Yıllardır bir çok kulübün transfer gözdesi olan Hunt'ın hala Bremen'de oluşu bir tarafta şaşırtıcı, diğer tarafta da aidiyetin futbolda da hala geçerli olduğunun göstergesi. Ancak o Hunt sezon sonunda Bremen defterini kapatıp, Türkiye sayfasını Beşiktaş ile açacak muhtemelen. Bayer Leverkusen, Borussia Mönchengladbach başta olmak üzere bir çok kulübün transfer gözdesi olmasına rağmen Beşiktaş'ı tercih eden Hunt, aslında kariyerinin en verimli ve olgun döneminde transfer kararı verdi.

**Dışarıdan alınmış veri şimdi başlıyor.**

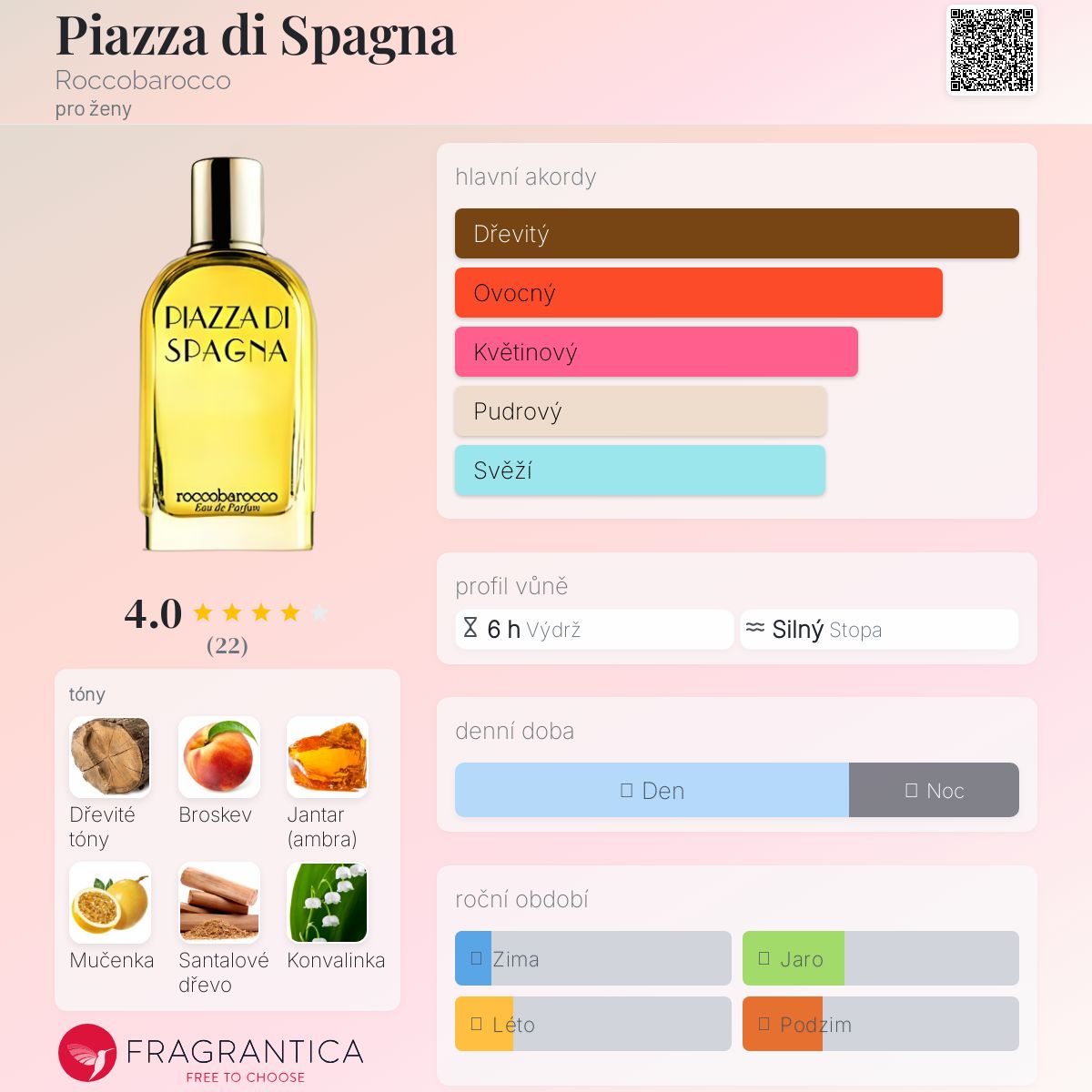 Piazza di Spagna podle Roccobarocco je Floral Fruity vůně pro ženy. Piazza di Spagna byl/a uveden/a v roce 1988. Vrchní tóny jsou Broskev, Mučenka, Černý rybíz a Fialka; střední tóny jsouKonvalinka, Brambořík, Magnólie a Jasmín ; základní tóny jsou Dřevité tóny, Jantar (ambra), Santalové dřevo a Pižmo.

Alman bir babası, İngiliz bir annesi olan Hunt'ın kariyeri her zaman bu kadar parlak değildi ve hatta bir dönem bitme noktasına kadar gelmişti. Genç yaşlarda yeteneğini kimse inkar etmiyorken, saha dışındaki tavırları nedeniyle bir çok kez gazetelere manşet olan Hunt, uslanmak istemiyordu. Özellikle yerel basın Hunt'ın ağır ceza alması ve hatta kovulması yönünde baskılar yapsa da teknik direktör Thomas Schaaf ve menajer Klaus Allofs yetenekli oyuncundan vazgeçmeyip, hem eski bir futbolcu, hem de kulübün piskoloğu olan Uwe Harttgen'e teslim etti.

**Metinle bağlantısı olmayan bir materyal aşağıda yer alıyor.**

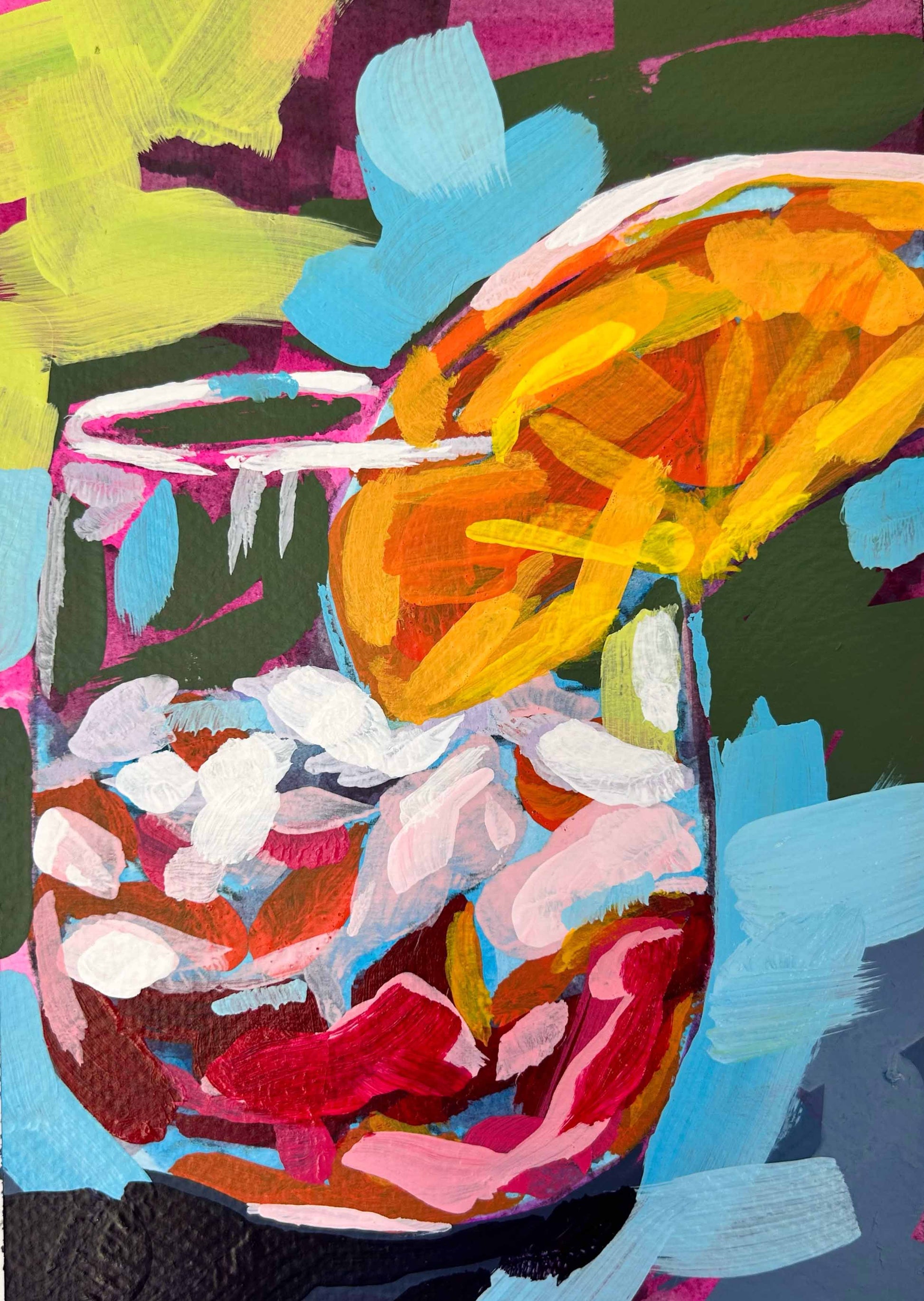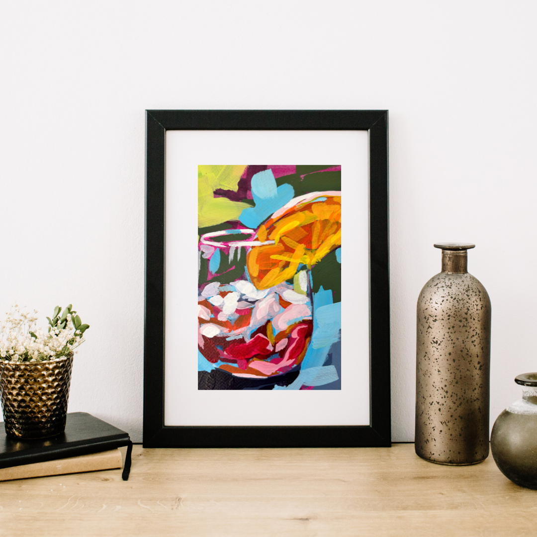 Bold strokes of color to capture light and life. This art print is created from my original painting and is printed on 32lb matte paper. This print arrives in a white mat and is unframed - frame not included. Inspired from a drink series with Ali Kay Studios.

Harttgen'in uzun soluklu katkılarıyla farklı bir kişiliğe bürünen Hunt, bir dönemden sonra sadece futbolu ile gündeme gelmeye başladı. Barcelona ile oynanan bir Şampiyonlar Ligi maçında Schaaf sürpriz bir karar imza atıp, Hunt'ı sol kanatta oynatınca, şaşıran sadece Almanlar değil, Katalanlar da olmuştu. Barcelona sağbeki Oleguer'i adeta yerle bir eden Hunt'a Barcelona Teknik Direktörü Frank Rijkaard, Lilian Thuram'ı oyuna alarak müdahale etti ve biraz olsun ilk kez Şampiyonlar Ligi'nde boy gösteren yeteneği durdurabildi.

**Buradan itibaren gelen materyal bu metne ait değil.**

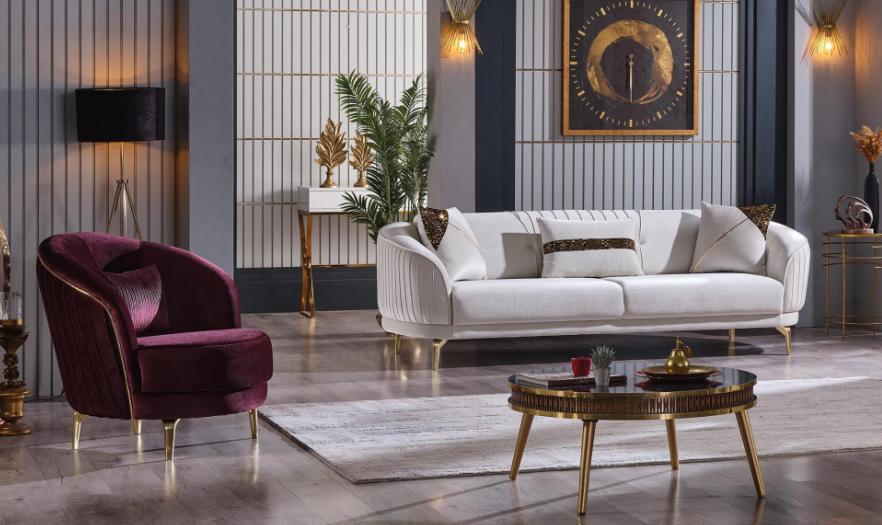 Sofagarnitur Edelstahlfüße Dreisitzer + Sessel Moderne Wohnzimmer Couch

Hunt'ın bu çıkışı devam etti. Ancak 2007 yılında meydana gelen ağır diz sakatlığı genç oyuncuyu tam 7 ay futboldan uzaklaştırdı. Sakatlığı bir türlü çözülemiyordu, bir çok uzmana görüşüne rağmen müdahale dahi edilemiyordu, ancak Hunt o dönemde gayret gösterip, sahalara dönmeyi başardı. O günlerde sadece sahalara dönüşü değiştirmedi hayatını. Rehabilitasyon sırasında aynı merkezde çalışan Semra Polatgil isimli bir Türk ile tanışan Hunt, hayatının arkadaşını da bulmuştu. Polatgil hem okuyor, hem de futbol oynuyordu ve Hunt ile aynı sorunu yaşıyordu. Bir diz sakatlığı onun da futbol hayatını tehlikeye atmış ve hatta kısa süre sonra bitirmişti. En zor günlerinde tanışan ikili 2010 yılında evlendi. "Maçlarımı evde beraber tekrar izliyoruz ve beni en çok o eleştiriyor" diyen Hunt, eşinin futbol bilgisine çok güveniyor, keza Semra Hunt A Lisanslı bir futbol antrenörü ve altyapı düzeyinde takım çalıştırmış bir uzman.

Aaron Hunt için bir dönüm noktası da Thomas Schaaf sonrası Robin Dutt'un göreve gelmesi oldu. Yıllardır 10 numara mevkiinde forma giymek isteyen, ancak Mesut, Micoud gibi oyuncuların var oluşu nedeniyle oraya bir türlü monte edilemeyen Hunt, Dutt ile birlikte umduğunu buldu ve o mevkide Bremen'in beyni ve en önemli silahı oldu kısa sürede. Kanatlarda ve forvet arkasında da oynayabilen Hunt, tekrar çağrıldığı Alman Milli Takımı'nda da forvet arkasında forma giydi. Manuel Fernandes'in muhtemel gidişiyle açılacak olan boşluğu Hunt doldurabilir ve belki de aidiyet duygusuyla Portekizli yıldızdan çok daha fazlasını verebilir.